▸ SUPPLIED INFORMATION
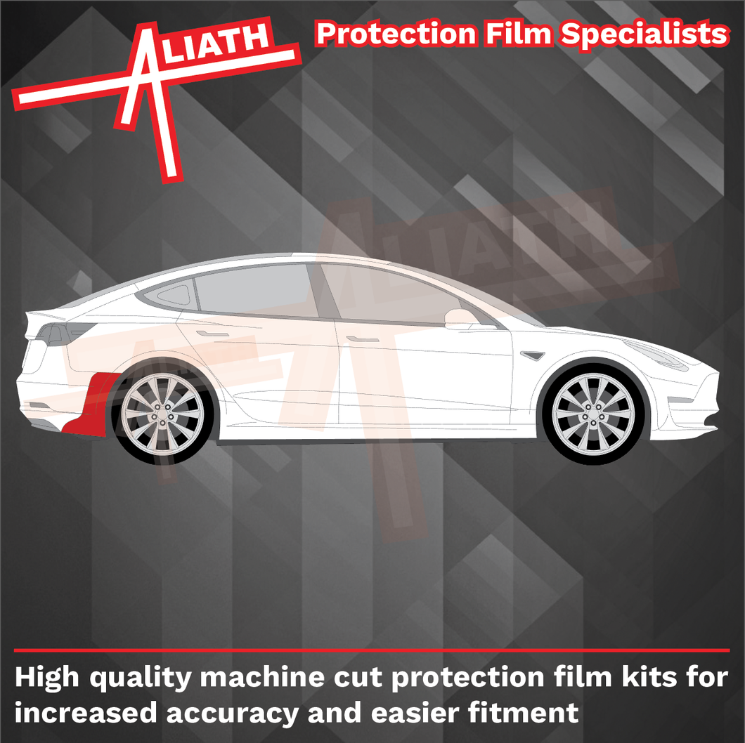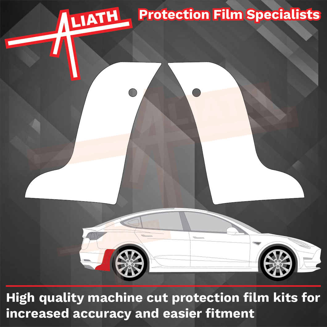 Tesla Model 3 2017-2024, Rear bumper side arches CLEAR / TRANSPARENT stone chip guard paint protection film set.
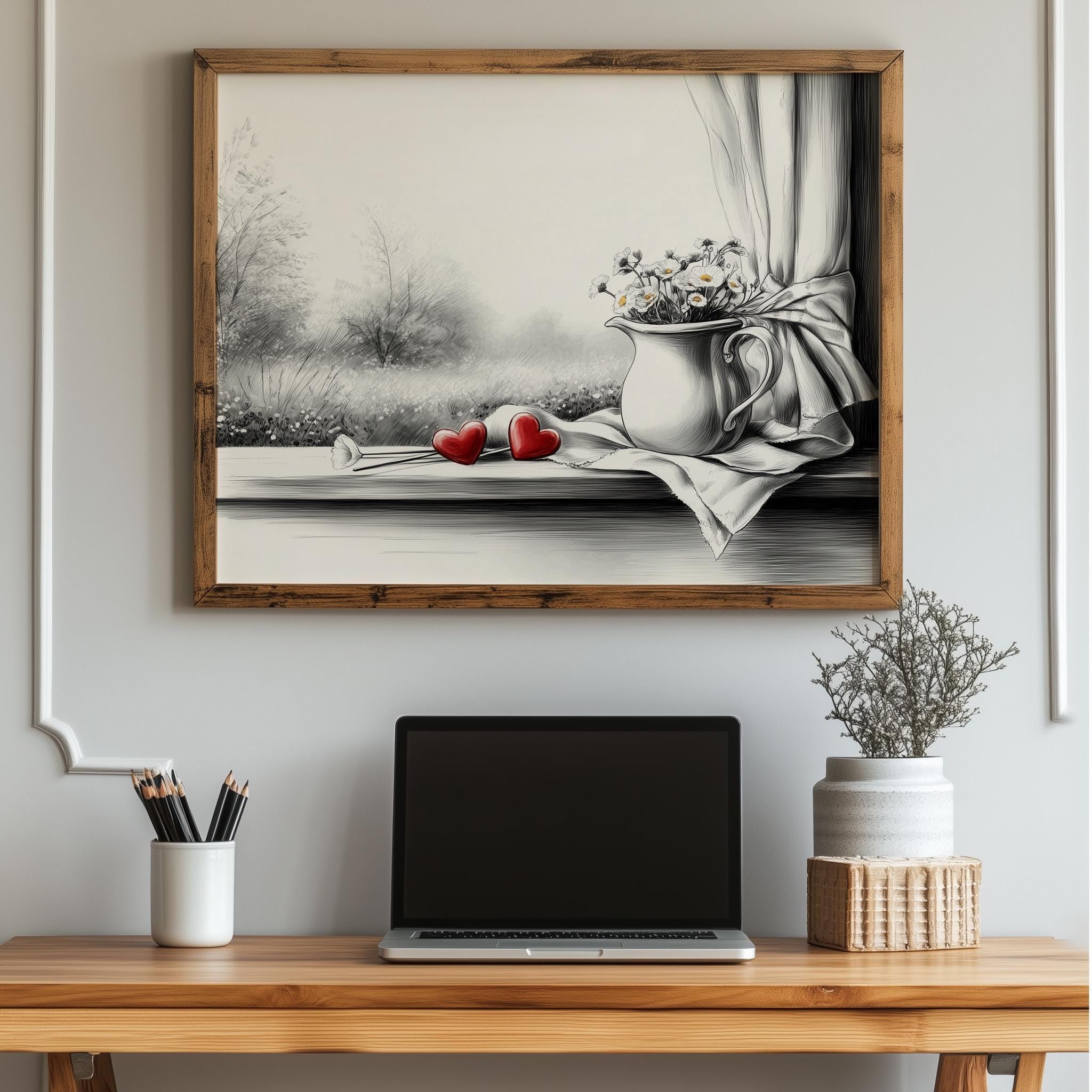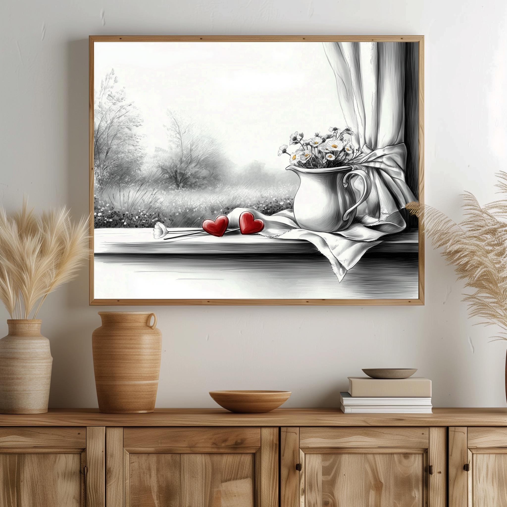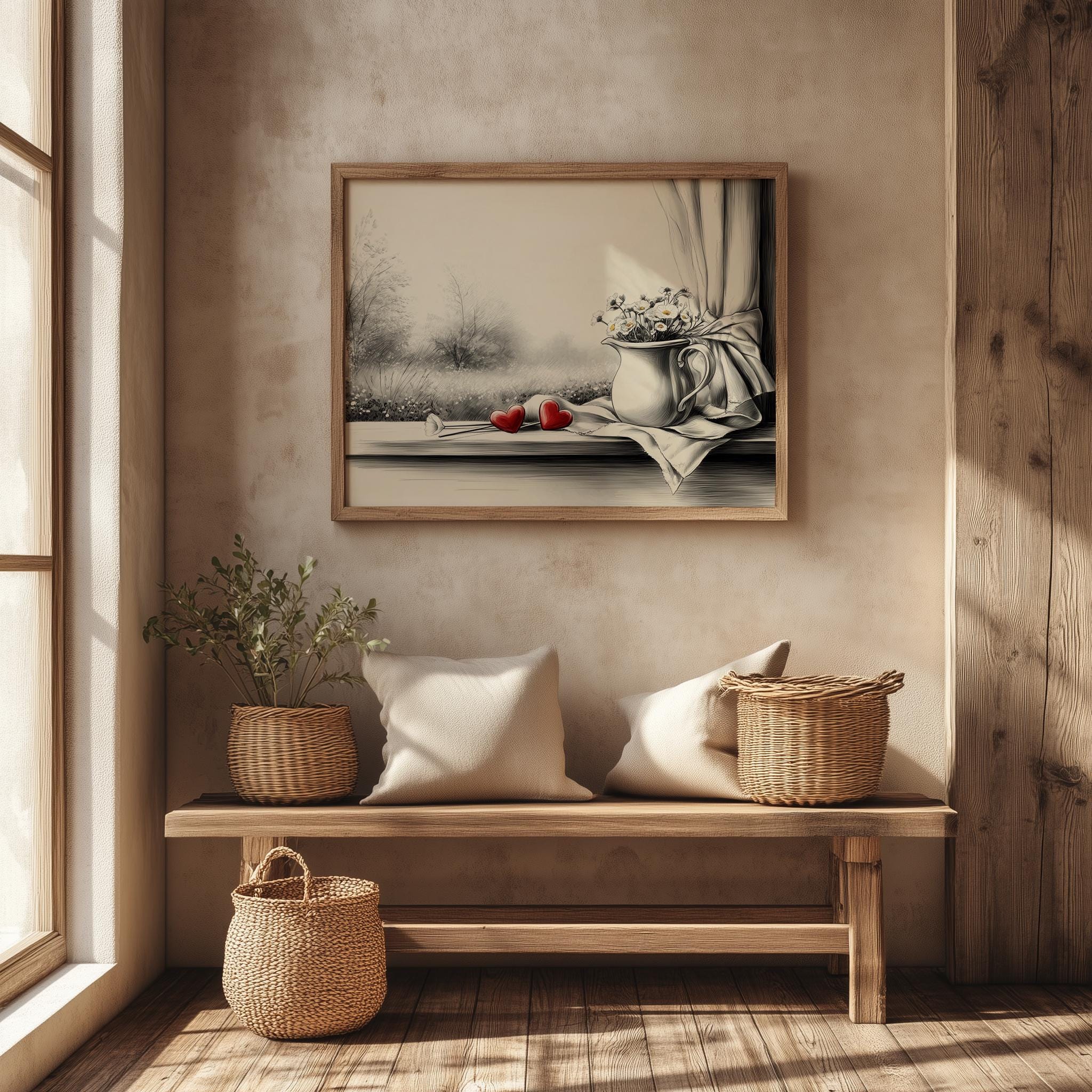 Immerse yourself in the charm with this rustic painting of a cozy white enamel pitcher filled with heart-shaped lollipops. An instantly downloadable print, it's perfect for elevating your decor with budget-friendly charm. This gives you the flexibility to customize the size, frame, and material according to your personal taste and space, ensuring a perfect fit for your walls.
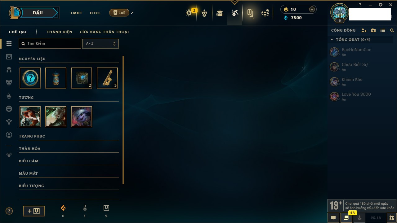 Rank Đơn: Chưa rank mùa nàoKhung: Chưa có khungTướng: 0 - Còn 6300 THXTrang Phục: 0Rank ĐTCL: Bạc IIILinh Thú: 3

▸ INSTRUCTIONS FOR THE TASK
Repeat all the material exactly, but keep pictures out of the copy.

▸ OUTPUT OF THE TASK
 Tesla Model 3 2017-2024, Rear bumper side arches CLEAR / TRANSPARENT stone chip guard paint protection film set.
 Immerse yourself in the charm with this rustic painting of a cozy white enamel pitcher filled with heart-shaped lollipops. An instantly downloadable print, it's perfect for elevating your decor with budget-friendly charm. This gives you the flexibility to customize the size, frame, and material according to your personal taste and space, ensuring a perfect fit for your walls.
 Rank Đơn: Chưa rank mùa nàoKhung: Chưa có khungTướng: 0 - Còn 6300 THXTrang Phục: 0Rank ĐTCL: Bạc IIILinh Thú: 3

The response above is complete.